Even in the
sixties, his operas were played all over the German-speaking countries, while
nowadays one has to look carefully to find a performance. The reasons are
twofold. “Das Regie-Theater” has little attraction for
Lortzing’s well-crafted, very romantic “Spielopern”—
too civilized, too polite, too simple, not enough blood and adultery so that
one can shock spectators. Nowadays, as directors dictate what a general
manager may or may not put on the boards, there is no place for him.
Secondly, a cynical age such as ours, with cynical people all over the place,
no longer has room for the gentle characters of Lortzing or for operas that
are deeply drenched in the days of late feudal customs and small German
states.
For most of his life, Lortzing lived in abject poverty—while
everywhere his operas were enthusiastically performed in those days without
author’s rights—he had to stoop to his audiences and to perform
what they liked or thought decent. This Undine is a fine example.
It’s almost the same story as Dvořák’s better-known
Rusalka, which is largely based on the Undine story. But
Rusalka premièred in 1901, 56 years after Lortzing’s opera, in
an age when artistic freedom had already some real meaning and author’s
rights were a source of income. So, Dvořák could keep the legend intact
and have his prince kiss the water nymph whereupon he dies. Lortzing, too,
preferred such a finale for his opera; but his audiences wanted a happy
ending. Therefore, the composer acquiesced to their wishes and
Undine ends with a rather sugary end: the prince kisses the nymph
and accompanies his love for eternity into her water world.

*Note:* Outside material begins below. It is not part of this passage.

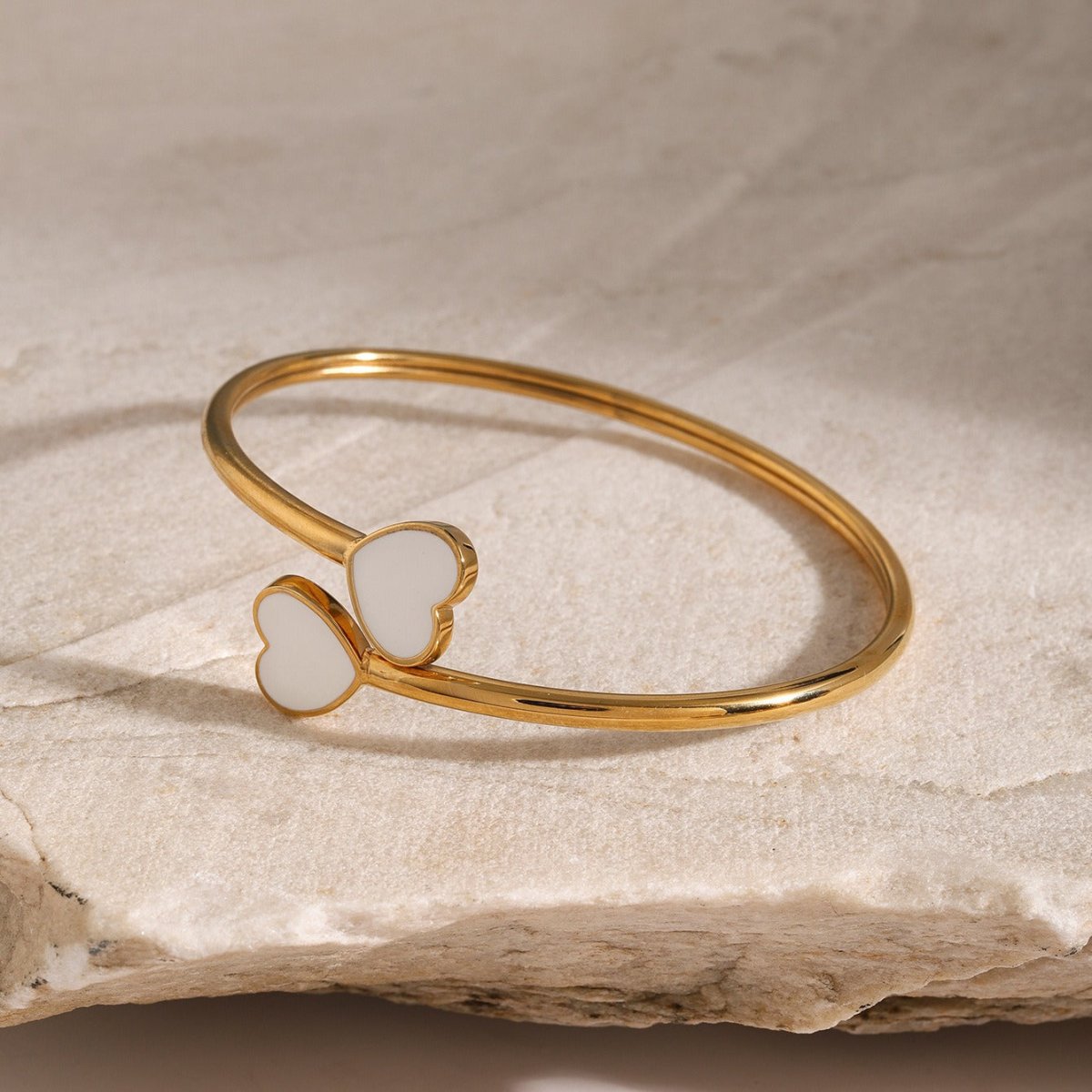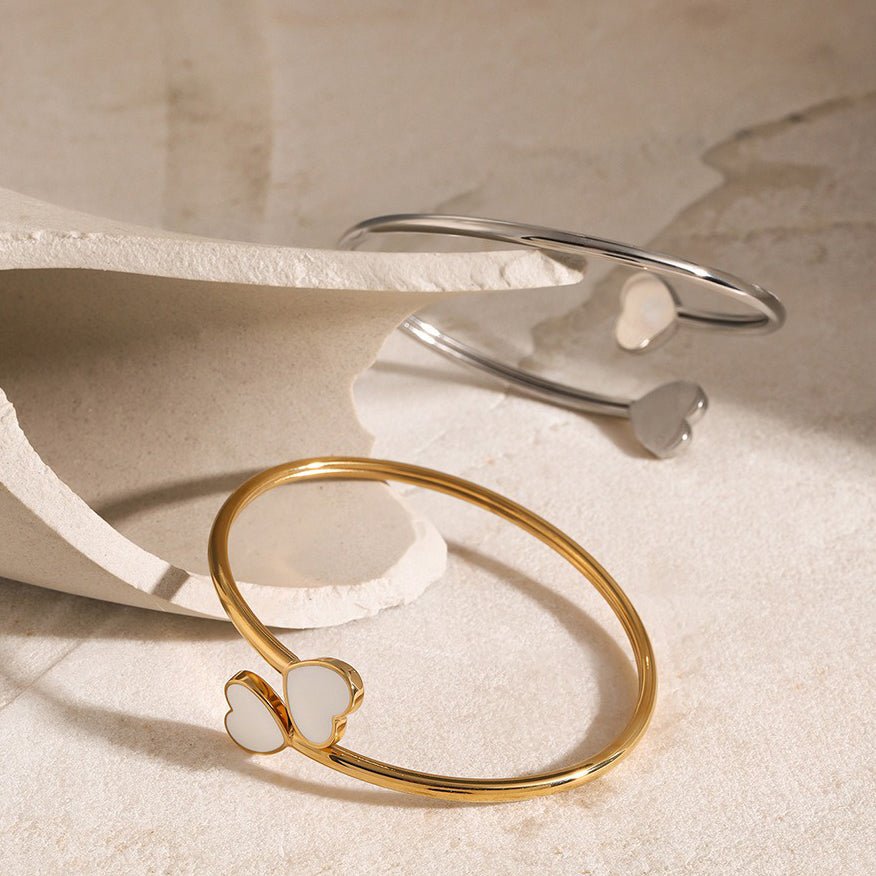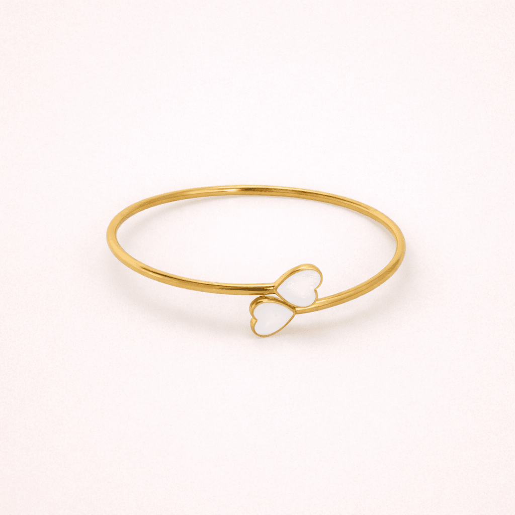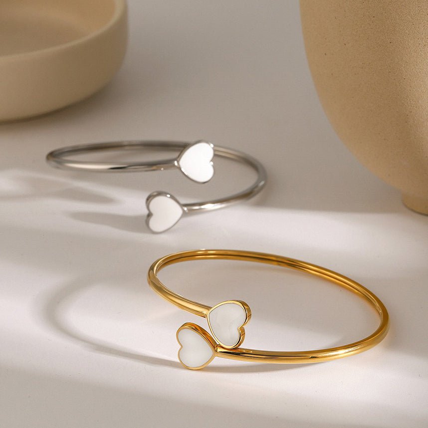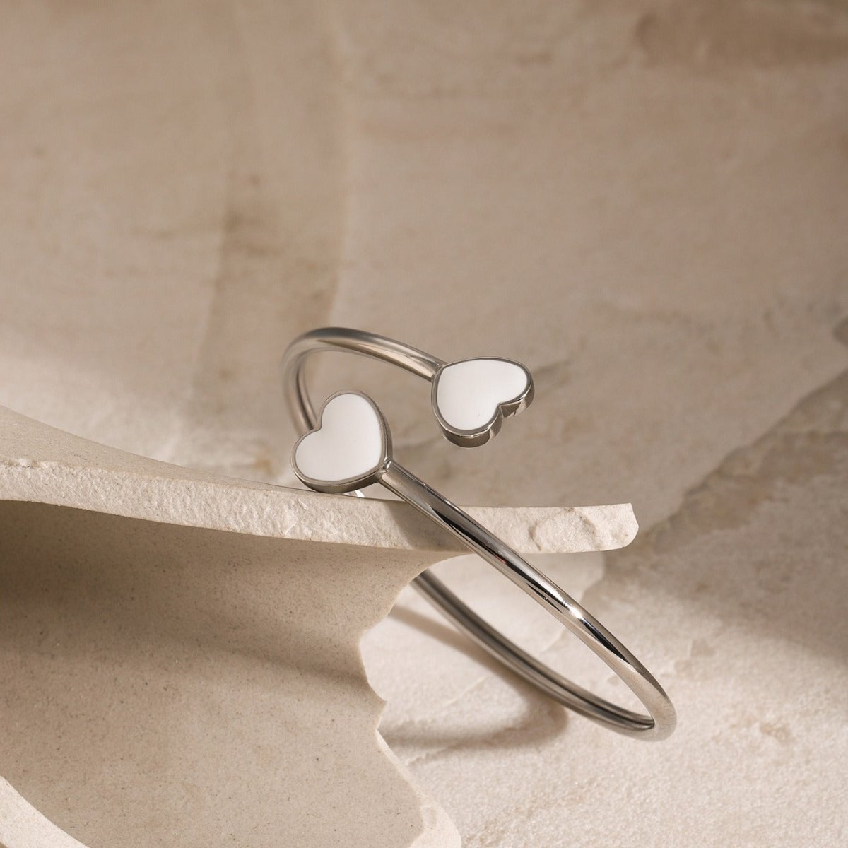 Duo Hearts Bracelet is a romantic open-cuff design featuring two sculptural heart motifs that meet gracefully at the center of the wrist. The clean, modern lines balance softness with structure, creating a piece that feels both playful and refined. Its open silhouette allows for effortless wear while adding a subtle statement that pairs beautifully with everyday styling or layered bracelets.

The performance under review was recorded for a radio performance on the
classical German music channel and appeared not long after on the Capriccio
label in full price version. This less expensive reissue, however, has no
libretto, just a short summary. This recording has only one rival, recorded
exactly forty-years ago; but what a competitor it is. The cast of the EMI
recording speaks for itself: Gedda, Rothenberg, Prey, Schreier, Frick. To be
somewhat blunt, almost none of the singers on this issue are on the same
level as their elders. This is especially true in the soprano department.
Both ladies here sing well, but without much charm or individuality. Both are
a little bit shrill and one has constantly to look at the sleeve notes to
know who is exactly singing. Pütz and Rothenberger have better and more
distinct voices on the EMI-recording.
The gentlemen fare somewhat better. Protschka has a good lyric voice,
seeminlgy destined to become the great German lyric tenor that somehow has
never materialized. But, he almost matches Nicolai Gedda’s Ritter Hugo
on EMI. His voice is not on the same level. Yet, there is the feeling for
this kind of music he probably knew well from his youth that is somewhat
lacking in the Swede's interpretation, who probably recorded while looking
for the first time at his score. Incidentally, there is a story that Gedda
was flown in at the last moment as a substitute for Fritz Wunderlich who had
recorded a magnificent Der Wildschütz by the same composer. Only his
tragic death prevented him from recording Undine. This is not true.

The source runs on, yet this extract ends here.